Note that the integral of a signal has no unique solution, as any constant
:math:`c` can be added to :math:`y`, for example if :math:`x(t)=t^2` the
resulting integration is:
.. math::
y(t) = \int t^2 dt = \frac{t^3}{3} + c
If we apply a first derivative to :math:`y` we in fact obtain:
.. math::
x(t) = \frac{dy}{dt} = t^2
no matter the choice of :math:`c`.
"""
def __init__(self, N, dims=None, dir=-1, sampling=1,
halfcurrent=True, trapezoidal=False, removefirst=False,
dtype='float64'):
self.N = N
self.dir = dir
self.sampling = sampling
self.trapezoidal = trapezoidal
self.halfcurrent = halfcurrent if not trapezoidal else False
self.removefirst = removefirst
if dims is None:
self.dims = [self.N, 1]
self.reshape = False
else:
if np.prod(dims) != self.N:
raise ValueError('product of dims must equal N!')
else:
self.dims = dims
self.reshape = True
self.shape = (self.N-self.dims[self.dir] if self.removefirst else self.N,
self.N)
self.dtype = np.dtype(dtype)
self.explicit = False
def _matvec(self, x):
if self.reshape:
x = np.reshape(x, self.dims)
if self.dir != -1:
x = np.swapaxes(x, self.dir, -1)
y = self.sampling * np.cumsum(x, axis=-1)
if self.halfcurrent or self.trapezoidal:
y -= self.sampling * x / 2.
if self.trapezoidal:
y[1:] -= self.sampling * x[0] / 2.
if self.removefirst:
y = y[1:]
if self.dir != -1:
y = np.swapaxes(y, -1, self.dir)
return y.ravel()
def _rmatvec(self, x):
if self.reshape:
x = np.reshape(x, self.dims)
if self.removefirst:
x = np.insert(x, 0, 0, axis=self.dir)
if self.dir != -1:
x = np.swapaxes(x, self.dir, -1)
xflip = np.flip(x, axis=-1)
if self.halfcurrent:
y = self.sampling * (np.cumsum(xflip, axis=-1) - xflip / 2.)
elif self.trapezoidal:
y = self.sampling * (np.cumsum(xflip, axis=-1) - xflip / 2.)

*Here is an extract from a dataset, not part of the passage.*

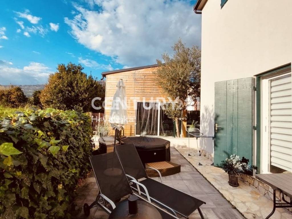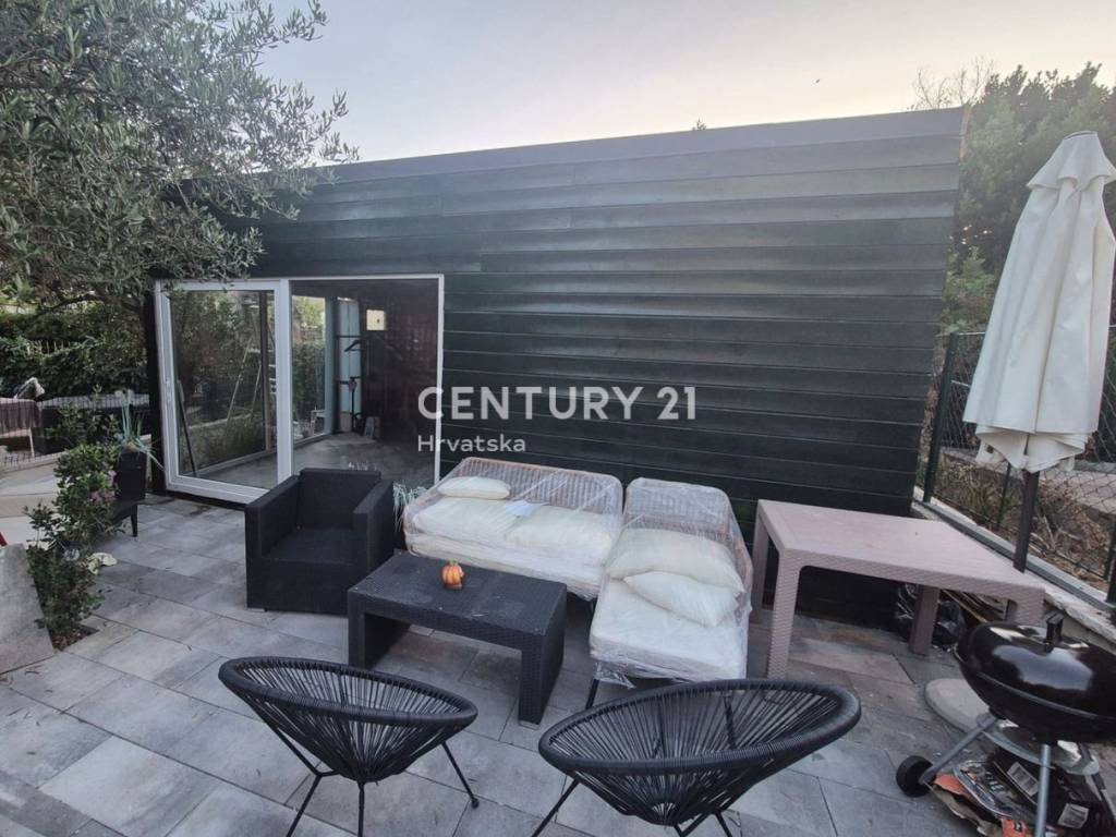 Okućnica je uređena i savršena za opuštanje. Uključuje dva vrtna prostora, vanjski jacuzzi, roštilj, ležaljke te montažnu drvenu kuću površine 25 četvornih metara koja trenutno služi kao kućna teretana. Po želji, ovaj objekt se može prenamijeniti ili ukloniti i na njegovom mjestu izgraditi bazen.

y[-1] = self.sampling * np.sum(xflip, axis=-1) / 2.
else:
y = self.sampling * np.cumsum(xflip, axis=-1)
y = np.flip(y, axis=-1)
if self.dir != -1:
y = np.swapaxes(y, -1, self.dir)
return y.ravel()
and this is now passing the dottest
Cop = CausalIntegration(4, sampling=1, trapezoidal=True, removefirst=True)
dottest(Cop)
After this I focused on your reimplementation of the original algorithm using the new fixed integrator. I checked that we get the exact same matrices of the original code (by calling todense
on the operators... this is a good check to do all the time when starting from very small examples) and there everything works fine - see https://github.com/PyLops/pylops_notebooks/blob/master/developement/DerivativeInversion.ipynb.

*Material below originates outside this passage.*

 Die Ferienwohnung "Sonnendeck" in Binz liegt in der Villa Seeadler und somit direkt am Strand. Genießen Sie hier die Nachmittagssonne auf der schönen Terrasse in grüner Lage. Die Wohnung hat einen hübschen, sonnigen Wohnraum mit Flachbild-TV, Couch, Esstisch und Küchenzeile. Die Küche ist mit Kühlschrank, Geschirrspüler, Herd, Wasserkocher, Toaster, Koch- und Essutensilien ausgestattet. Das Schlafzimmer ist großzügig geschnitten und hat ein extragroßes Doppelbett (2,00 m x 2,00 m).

It was however to my surprise that the final results were very different. I then started to worry that for this algorithm to work you cannot accept inaccurate solutions of the Hs=g
system, which is what you inevitably get when working with operators and iterative solvers (note that \
in pylops overloads an iterative solver, eg lsqr). So to check I tried to densify the operator and use the same direct solver scipy.linalg.solve
and then again things seem to work fine.... I want to play a bit more as I can't believe that small errors can throw the entire algorithm off, but so far this is what I see :)
Finally, I haven't tried Split-Bregman again but since you used an operator with wrong adjoint I suggest to discard anything you saw... for the reason I explain, this is not to be trusted as no solver has guarantees if the forward-adjoint pair is incorrect...

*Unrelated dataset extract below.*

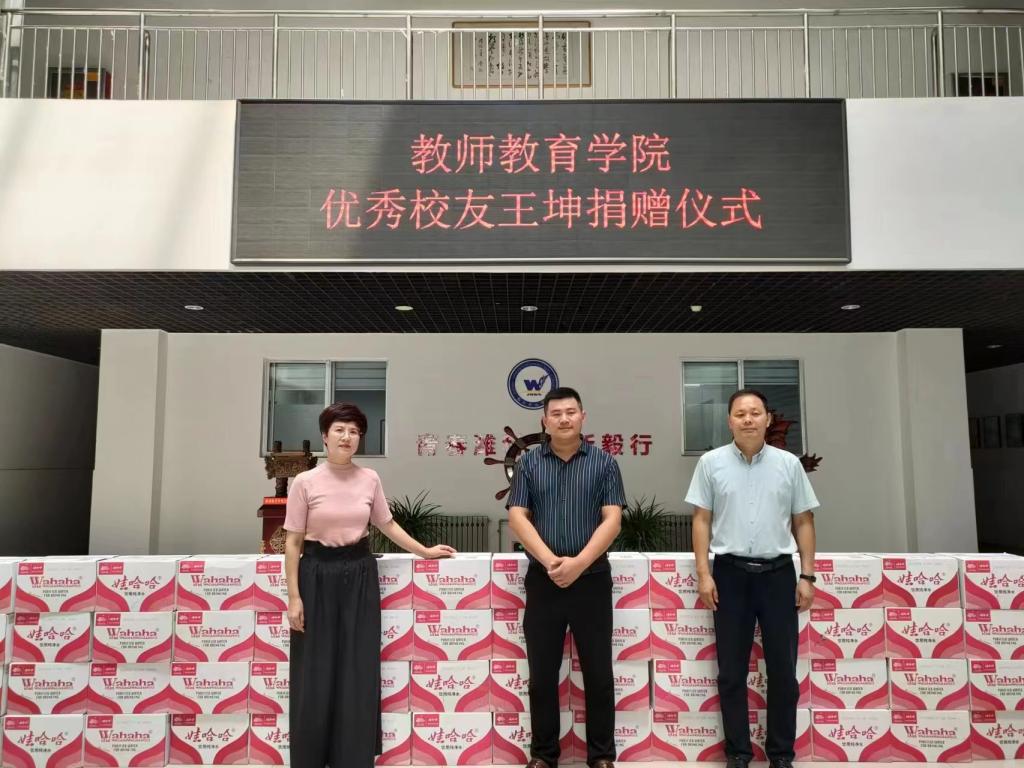 会后,在学院二楼大厅举行了捐赠仪式,王坤向学院捐赠了饮用水等一宗物资,并表达了希望能为母校发展作出贡献的意愿。

PS: you say The iteration fixed point implemented in the repository I linked uses central derivatives
Assuming this is the code you refer to:
"""Make differentiation matrix with central differences. NOTE: not efficient!
Returns:
np.array: N x N+1
"""
arr = np.zeros((self.n,self.n+1))
for i in range(0,self.n):
arr[i,i] = -1.0
arr[i,i+1] = 1.0
return arr / self.dx
Indeed they say they use central difference but this is not what they implement. What they implement is a first-order forward derivative - see https://en.wikipedia.org/wiki/Finite_difference_coefficient
Thanks! Indeed this was my suspicion, the adjoint was wrongly implemented. Thanks!
And you are also right about the derivative operator in the original code, it is not central.
I wasn't aware of the dot test, thanks, now that the adjoint forward op. are right I will try again splitBergman. And compare with my reimplantation of the fixed point with central difference, maybe i see the oscillations too, confirming your suspicion that it is a relation between the functional and the discretized Op, and not the solver
BTW, instead of the keyword trapezoidal in the causal integral, better use "kind" as in the derivative, this will make easier integration of the "galerkin* kind of op i want to contribute
Finally, are you aware of the python package derivative? It might be an excellent way to complement pylops https://pypi.org/project/derivative/
BTW, instead of the keyword trapezoidal in the causal integral, better use "kind" as in the derivative, this will make easier integration of the "galerkin* kind of op i want to contribute
Totally agree. Let me follow this route, I’ll push soon a version with kind and 3 options implemented and you can add more at any time :) - I may need to leave half for backward compatibility but I can encourage users to prefer using kind…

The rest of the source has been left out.